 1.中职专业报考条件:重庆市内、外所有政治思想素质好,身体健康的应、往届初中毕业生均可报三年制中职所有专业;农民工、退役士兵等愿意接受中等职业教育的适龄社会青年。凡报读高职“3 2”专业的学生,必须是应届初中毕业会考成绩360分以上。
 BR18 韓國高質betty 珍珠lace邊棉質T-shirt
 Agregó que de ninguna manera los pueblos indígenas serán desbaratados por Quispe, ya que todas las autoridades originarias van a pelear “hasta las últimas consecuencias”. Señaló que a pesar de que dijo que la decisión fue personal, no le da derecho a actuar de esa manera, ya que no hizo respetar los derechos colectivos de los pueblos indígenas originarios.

● ● ●

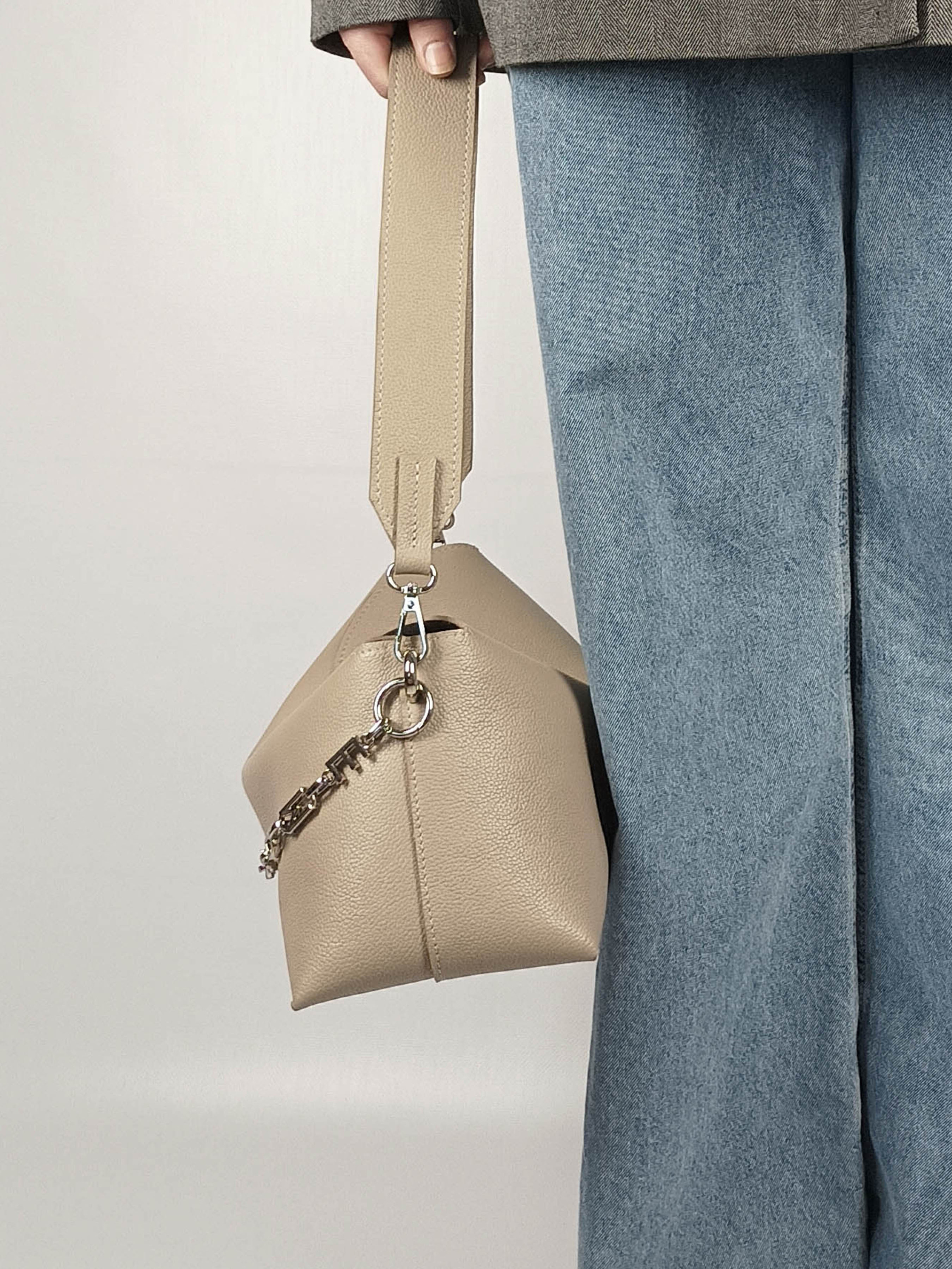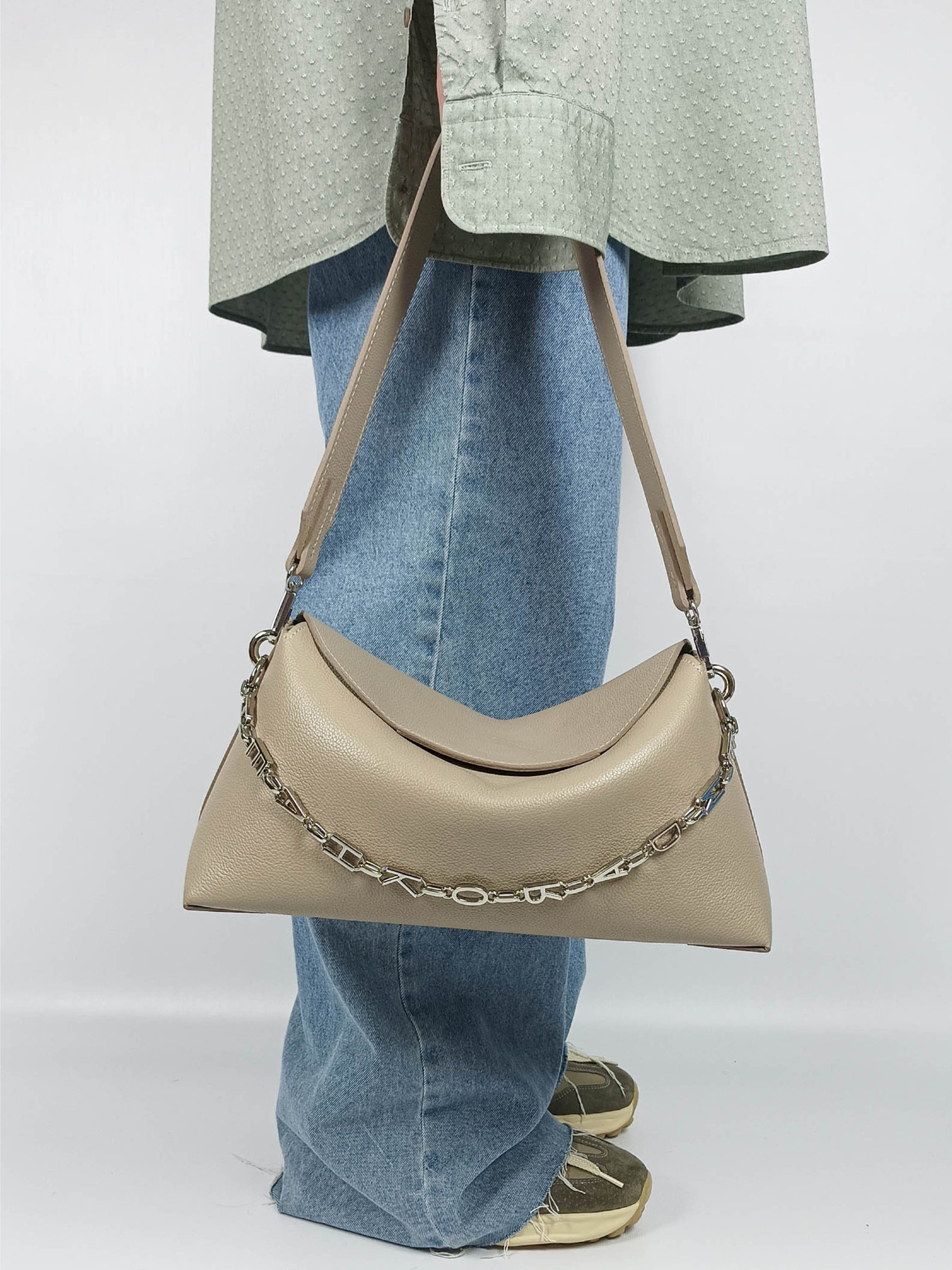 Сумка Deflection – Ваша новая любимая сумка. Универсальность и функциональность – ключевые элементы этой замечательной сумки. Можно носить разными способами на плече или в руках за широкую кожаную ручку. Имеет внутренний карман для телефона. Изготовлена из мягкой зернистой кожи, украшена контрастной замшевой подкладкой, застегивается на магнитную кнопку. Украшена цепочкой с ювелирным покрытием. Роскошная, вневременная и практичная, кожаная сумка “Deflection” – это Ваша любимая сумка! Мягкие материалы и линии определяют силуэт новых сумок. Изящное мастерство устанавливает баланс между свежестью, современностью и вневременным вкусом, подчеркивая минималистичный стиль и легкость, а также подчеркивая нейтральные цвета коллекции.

● ● ●

_WORK INSTRUCTION_
Give the exact lines, and only those, from the line containing "BR18 韓國高質betty 珍珠lace邊棉質T-shirt" through the line containing "Agregó que de" in the entries above.

_REPLY_
 BR18 韓國高質betty 珍珠lace邊棉質T-shirt
 Agregó que de ninguna manera los pueblos indígenas serán desbaratados por Quispe, ya que todas las autoridades originarias van a pelear “hasta las últimas consecuencias”. Señaló que a pesar de que dijo que la decisión fue personal, no le da derecho a actuar de esa manera, ya que no hizo respetar los derechos colectivos de los pueblos indígenas originarios.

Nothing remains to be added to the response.